Effect of nitric oxide and cGMP on ERK1/2 kinase phosphorylation. RAW264.7 macrophage-like cells were incubated with medium alone (control), S-nitroso-N-acetyl-d,l-penicillamine (SNAP) (100 μM), or 8-Br-cGMP (500 μM) for 30 minutes, 1, and 3 hours as indicated. Cell lysates were prepared and protein was isolated, followed by Western blotting and analysis for phospho-ERK1/2 and total ERK1/2 (A) or phospho-JNK1/2 and total JNK1/2 (B) as described in “Materials and methods.” A representative blot of six independent experiments for each panel, followed by the densitometric analysis of those experiments, expressed as the mean ± SEM, are shown. (*p=0.010 vs. control; analyzed by the Mann–Whitney rank sum test).

Figure 8

Effect of mitogen-activated protein kinases on soluble guanylate cyclase -induced expression of active and latent transforming growth factor-β1 (TGF-β1).
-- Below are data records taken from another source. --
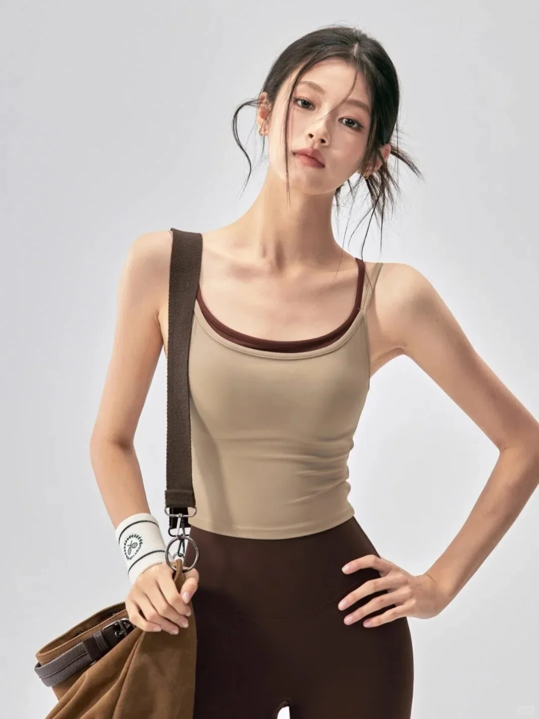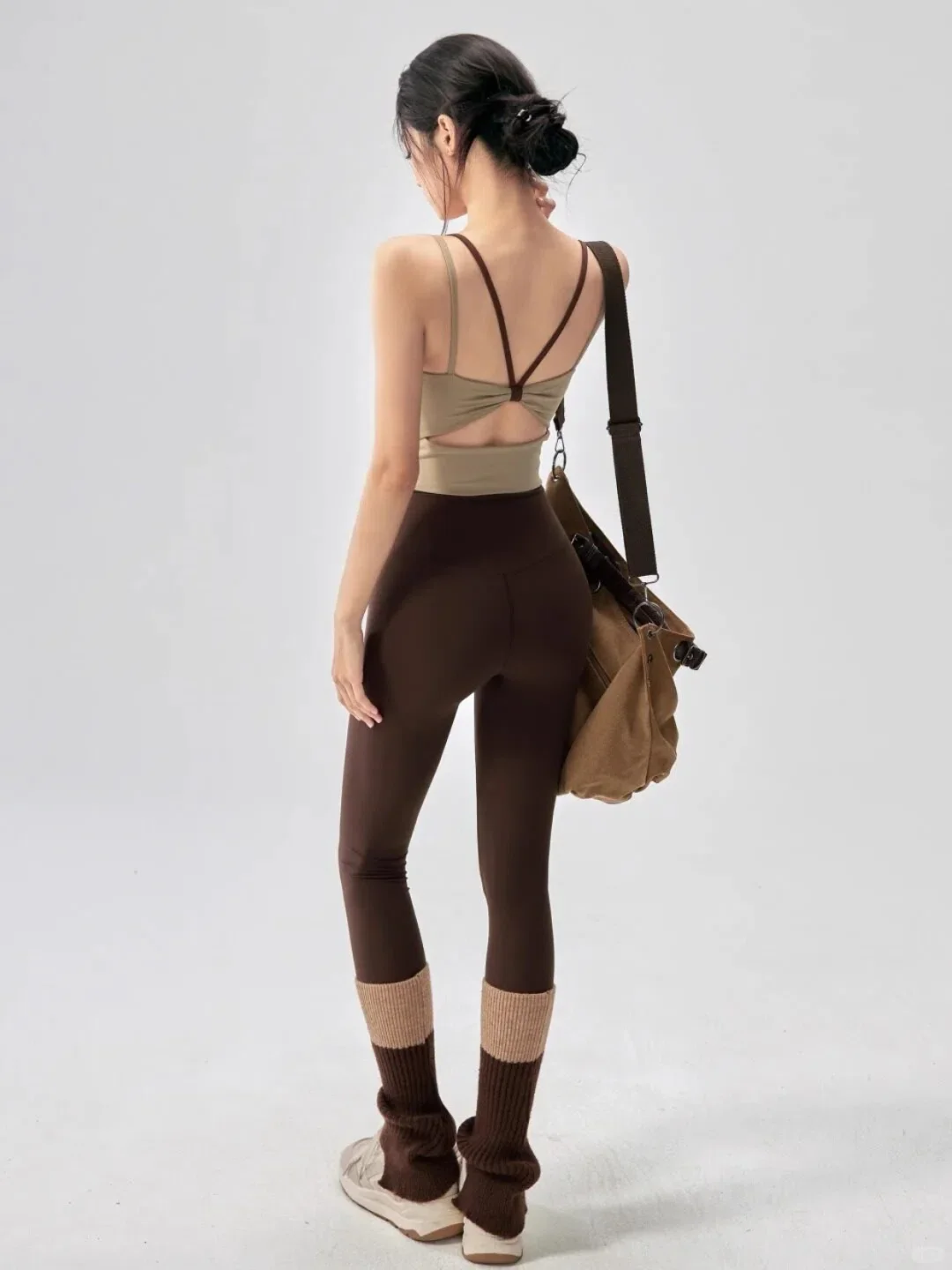 夏日穿搭也超灵活!白天穿短款运动背心 + 瑜伽裤 + 老爹鞋👟,去公园练瑜伽、买冰美式都出片;早晚凉就搭件薄款运动外套,脱下来搭胳膊上还显随性,完全不挑场景!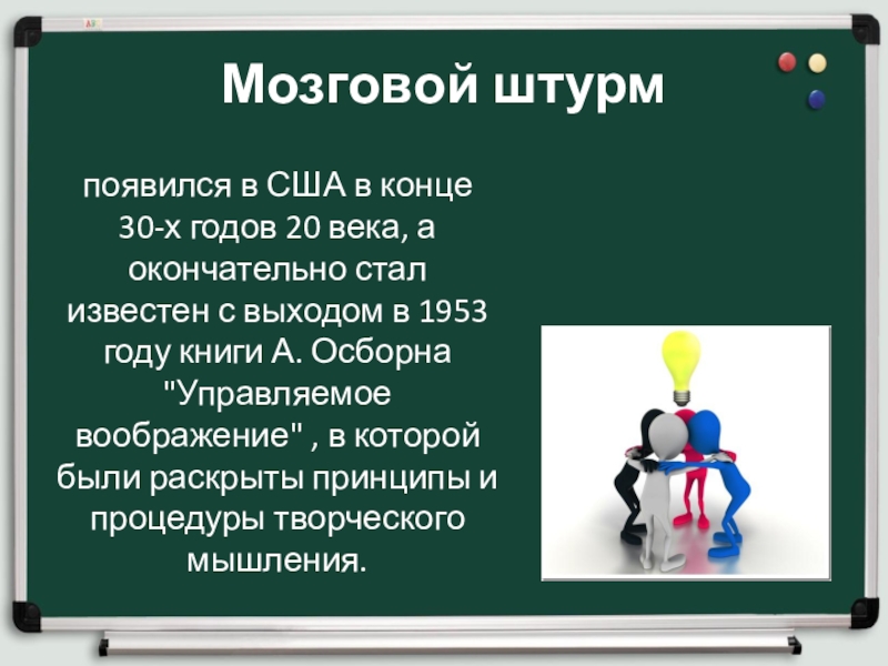 окончательно стал известен с выходом в 1953 году книги А. Осборна "Управляемое воображение" , в которой были раскрыты принципы и процедуры творческого мышления.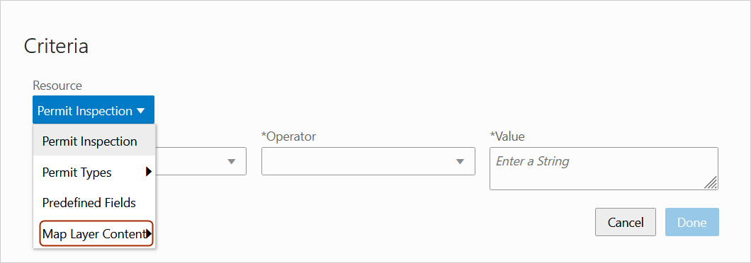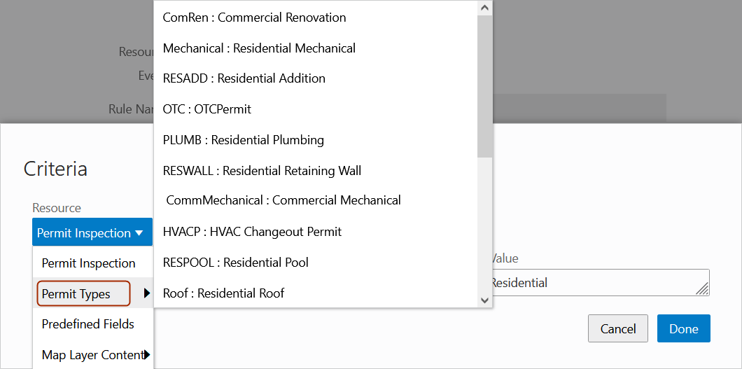 - See Implementing Permitting and Licensing, "Implementing the Business Rules Framework," Setting Up Business Rule Criteria on the Oracle Help Center.
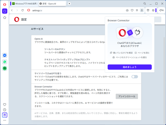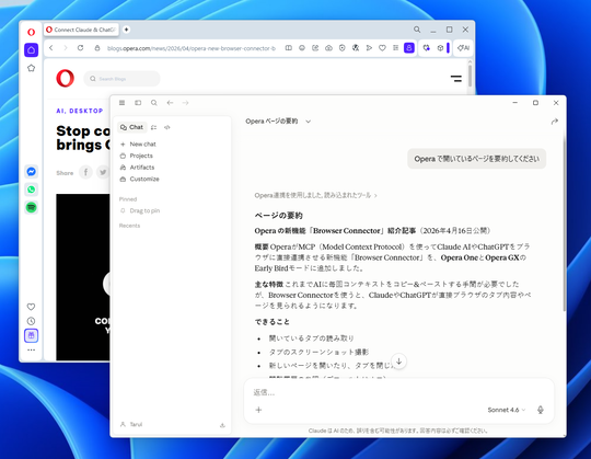これらを組み合わせれば、「ChatGPT」や「Claude」から「Opera」を操作し、閲覧ページの要約や複数タブにわたる情報の集約、オンラインリサーチなどを行える。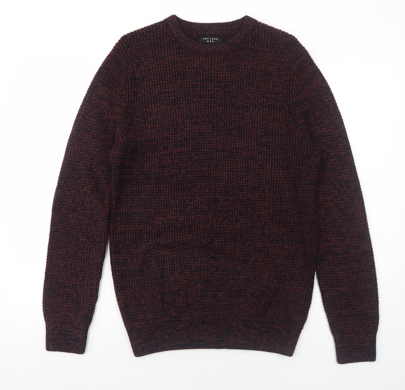 New Look Mens Red Round Neck Acrylic Pullover Jumper Size M Long Sleeve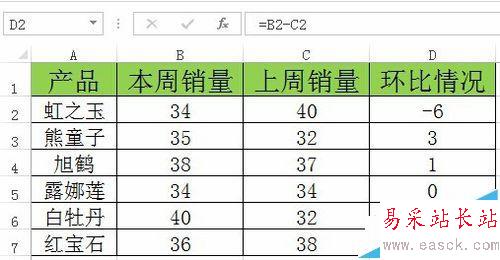 2、先來解決環比數據是如何來的,雖然很多同學都明白,還是啰嗦一下吧。在D2輸入公式“=B2-C2”,填充至D7。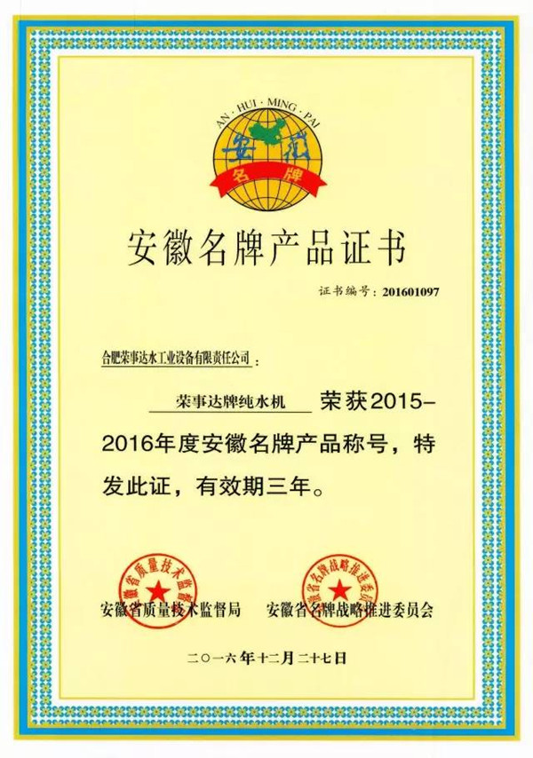日前,安徽省質(zhì)量技術(shù)監(jiān)督局、安徽省名牌戰(zhàn)略推進委員會正式公示2015-2016年度安徽名牌產(chǎn)品榜單,合肥榮事達水工業(yè)設(shè)備有限責(zé)任公司申報的“榮事達牌純水機”產(chǎn)品榮列榜中,成為安徽凈水行業(yè)首家榮獲省級“名牌產(chǎn)品”稱號的企業(yè),榮事達水工業(yè)公司強勁實力再次獲得政府和社會的充分肯定。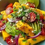 Bright, vibrant colors dance on your plate as you combine creamy avocados and sweet, juicy mangoes, all brought together with a zesty lime dressing that tickles your taste buds. The crunch of fresh veggies adds an exciting texture, making every bite a delightful experience.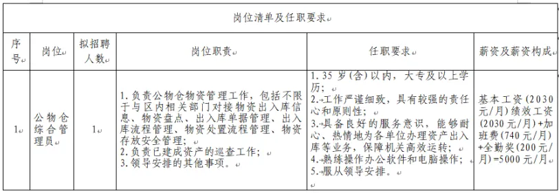 因工作需要,江西省欧潭人力资源集团有限公司招聘公务仓综合管理员1名,外派至赣州宝瑞新能源科技开发有限公司工作,现将有关事项公告如下:
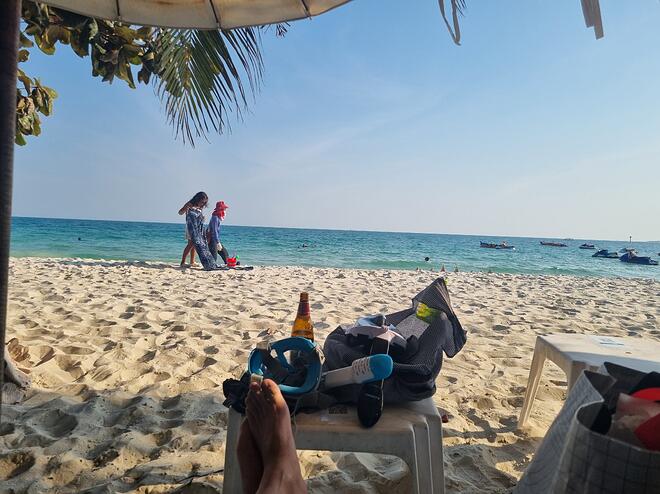 선착장에서 페리를 타고 코사멧섬을 왔습니다.어느 곳이나 관광지 섬의 바가지(?)나 물가는 어쩔 수가 없나보네요.한국 기준으로는 별 큰돈이 아니기도 하지만,묘하게 빈정상한다고 해야하나.....섬 입장료부터 외국인은 200바트(7000원)를 받고..그래도 기분좋게 놀기로 해야죠 모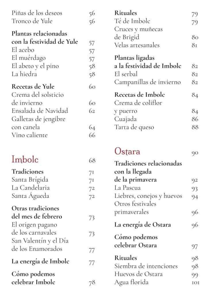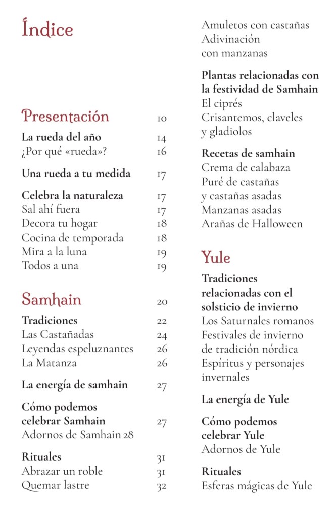 La Rueda del Año es un calendario lunisolar neopagano basado en ciclos agrarios ancestrales y en fenómenos astronómicos como los solsticios y los equinoccios. Las ocho festividades (o sabbats) que la componen se presentan y celebran en el libro con sencillos gestos y bonitas prácticas domésticas (altares naturales, rituales, recolección de plantas medicinales, elaboración de recetas de temporada) que contribuirán a armonizar y reforzar nuestro vínculo con la naturaleza, incluso si vivimos en el duro asfalto e independientemente de nuestras creencias.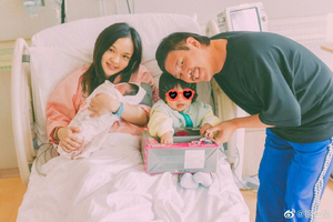 张柏芝身穿白色外套,推着儿童车,带着小王子逛游乐场,小王子在镜头中手舞足蹈,十分可爱。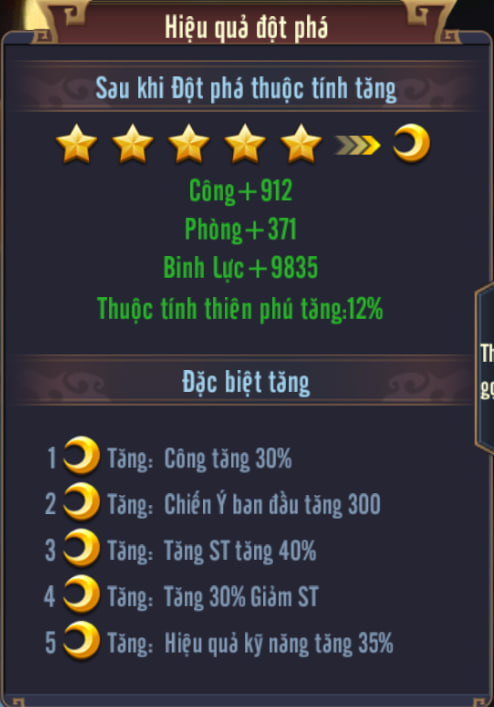 - 1. Mỗi 3 đòn Công thường, tấn công tướng địch có Binh lực thấp nhất bằng đòn Chắc chắn Bạo.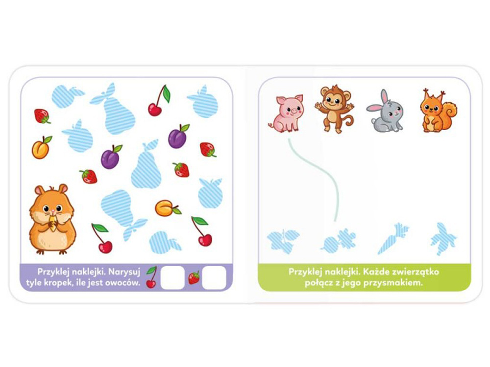 - książeczki z naklejkami, pełnej zadań i łamigłówek dla maluchów.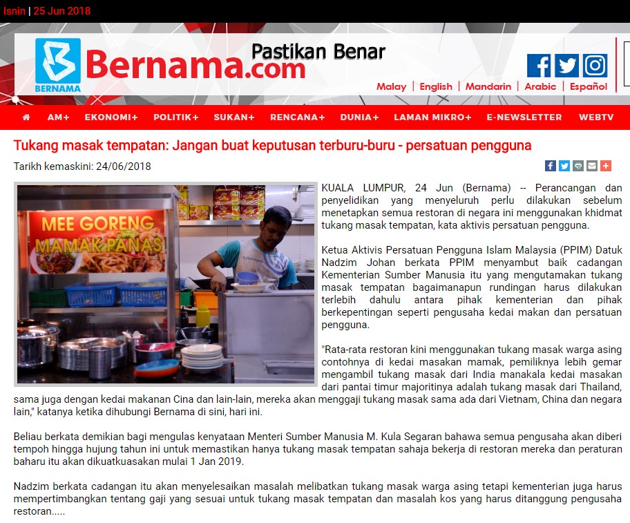 Ketua Aktivis Persatuan Pengguna Islam Malaysia (PPIM) Datuk Nadzim Johan berkata PPIM menyambut baik cadangan Kementerian Sumber Manusia itu yang mengutamakan tukang masak tempatan bagaimanapun rundingan harus dilakukan terlebih dahulu antara pihak kementerian dan pihak berkepentingan seperti pengusaha kedai makan dan persatuan pengguna.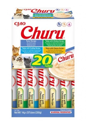 Ízletes, gabonamentes, alacsony kalóriatartalmú macskáknak szánt jutalomfalat, mely 100 %-ban tiszta és természetes vadvízi tonhalból készül! A Ciao Churu magas nedvességtartalommal rendelkezik, hogy a macskák egészségesek maradjanak. Hozzáadott E-vitaminnal, hogy támogassa macskája immunrendszerét, és zöld-tea kivonattal, mint természetes antioxidánssal. Minden ízletes, krémes Churu tubus 88 % nedvességet és mindössze 6 kalóriát tartalmaz (a hagyományos száraz macskacsemege kalóriájának egytizedét), ami egészséges nassolássá teszi, hogy macskája jól érezhesse magát minden etetésekor.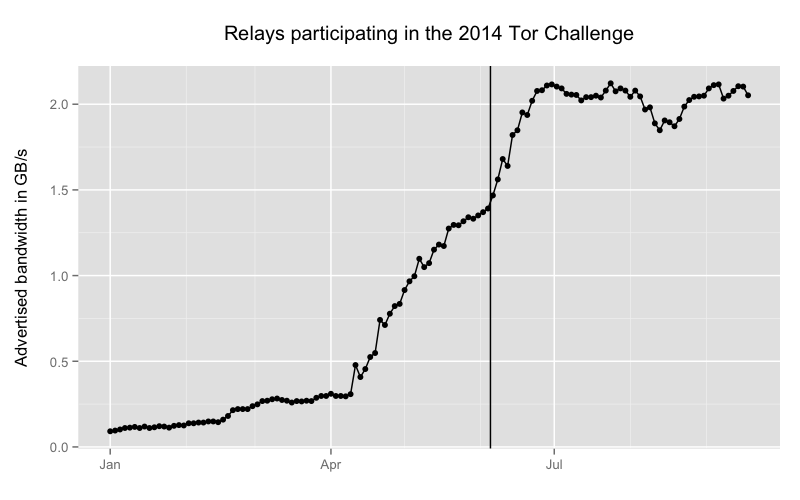 Special thanks to Dr. Karsten Loesing of the Tor Project for making these awesome graphs of the challenge.

RAW264.7 macro-phage-like cells were treated with 8-Br-cGMP (500 μM) in the absence or presence of the p38 inhibitor SB203580 (SB, 3 μM), the ERK1/2 inhibitor PD98059 (PD, 3 μM), or the JNK inhibitor SP600125 (SP, 3 μM), for 1 hour and 3 hours. The cells were then immunostained for active (A) or latent TGF-β1 (B) and analyzed as described in “Materials and methods.” Results shown are the mean ± SEM from eight independent experiments and represent fold change vs. cells treated with 8-Br-cGMP alone.